This, and that. Here,
and Tomorrow.
Back and Then,

Over and over,
New once again.
Repeating,
Echoing,
Silent. Again...

I'm back where I sat.
Invisibly seen.
Quietly conscious of what
this Could mean.

Rhyming on some.
Telling on others.
Content and I Wonder.
Where does the time go?

I forget it's December.
I hear whisp'rings of Spring.
I want to go Running,
or Flying,
or sing.

Something. . .
Something.

Inside me it's Spring.


Love, Me.

Tuesday, August 16, 2011

Waiting...

Waiting, waiting, waiting, waiting........



What am I waiting for?


Hmm.








Let's put a pin in this one.

Love, Me.

Friday, August 12, 2011

Life

Sometimes I don't know what to do.
Should I sit? Sing? Dance? Draw?
So I get on here, and blog.


Sometimes my insides just sit there and wait,
Just sit there and sit there,
Doing nothing. Barey moving, barely noticable.

Others a part of my soul is pushing at all parts of reality,
Trapped,
And can hardly contain a gut-wrenching scream to all parts of the universe.

Sometimes a part of me wants to sit in a hammock,
In my own little corner of the world,
And sit there and weep and breathe and cry.
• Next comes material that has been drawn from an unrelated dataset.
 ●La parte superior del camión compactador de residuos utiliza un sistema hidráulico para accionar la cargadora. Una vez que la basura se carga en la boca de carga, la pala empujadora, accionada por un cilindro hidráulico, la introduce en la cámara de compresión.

Occasionally I'll get anxious, and restless,
And my fingers will play long, fast scales up and down the keyboard.
So long and hard it makes my arms ache.

Sometimes I stay up late into the night,
Because I can't sleep, can't dream.
Can't dream. For all the sweetness it brings, waking hurts.

Once I sat out with a friend, watching a movies under the stars.
I sat for long periods of time watching the sky,
And the moon, and the stars. Forgoing the movie. Just observing.
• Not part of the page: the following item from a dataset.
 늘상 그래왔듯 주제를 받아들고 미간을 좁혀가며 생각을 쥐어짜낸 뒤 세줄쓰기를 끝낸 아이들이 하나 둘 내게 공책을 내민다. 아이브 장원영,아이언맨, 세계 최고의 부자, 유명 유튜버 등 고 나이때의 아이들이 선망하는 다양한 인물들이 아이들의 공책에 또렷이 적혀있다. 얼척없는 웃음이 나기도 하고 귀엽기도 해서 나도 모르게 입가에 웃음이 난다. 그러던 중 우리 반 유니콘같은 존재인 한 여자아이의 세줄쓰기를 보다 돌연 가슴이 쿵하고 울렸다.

Sometimes I just want to talk.
Just talk. Remember. Nothing else.
Just, talk.

Of course, just as often I'd rather listen.
Hear others express themselves.
Because it's nice to be heard.

Sometimes I wonder, how can someone be so torn, so confused?
Content, and filled with longing at the same time?
Wonder, and yet know the reason why the whole time?

One day I'll know. I'll be fine.
Til then, I'll keep walking down this long, dusty road.
Longing, Listening, Loving. Learning.

Love, Me.

Thursday, July 21, 2011

The most beautiful place on earth...

...and I get to live here for the next few days.
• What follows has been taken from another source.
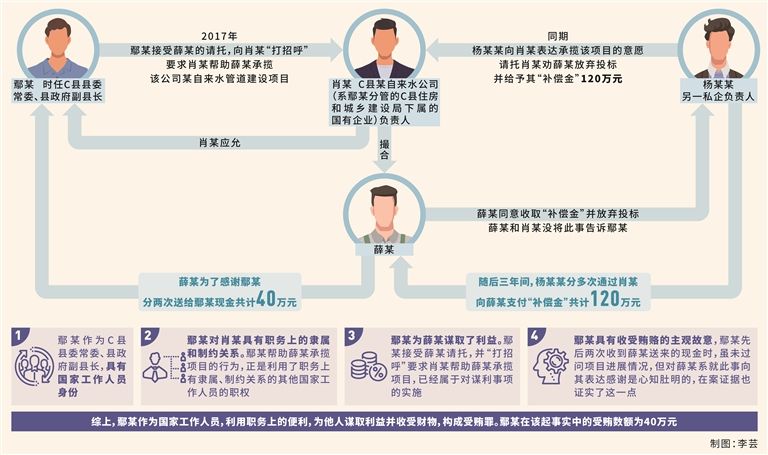 其中,2017年,鄢某在担任C县县委常委、县政府副县长期间,接受商人薛某的请托,向C县某自来水公司(系鄢某分管的C县住房和城乡建设局下属的国有企业)负责人肖某“打招呼”,要求肖某帮助薛某承揽该公司某自来水管道建设项目,肖某应允。同期,另一私企负责人杨某某向肖某表达承揽该项目的意愿,请托肖某劝薛某放弃投标并给予其“补偿金”120万元。经肖某撮合,薛某同意收取“补偿金”并放弃投标。薛某和肖某没将此事告诉鄢某。最终,在肖某的帮助下,杨某某公司顺利中标该项目。随后三年间,杨某某分多次通过肖某向薛某支付“补偿金”共计120万元。薛某为了感谢鄢某,分两次送给鄢某现金共计40万元。

Idaho is amazing. I am absolutely in love with it, and have been since I was born.  I'm up here on the "King Farm" in Moore...a town outside of Arco and Lost River...where the famous King Mountain is that hang-gliders lift off of.  The sunsets are spectacular, the air is clear, the weather wonderful...and up here, you can understand the phrase in America the Beautiful: Amber waves of grain. Truly, beauty in one of it's best forms.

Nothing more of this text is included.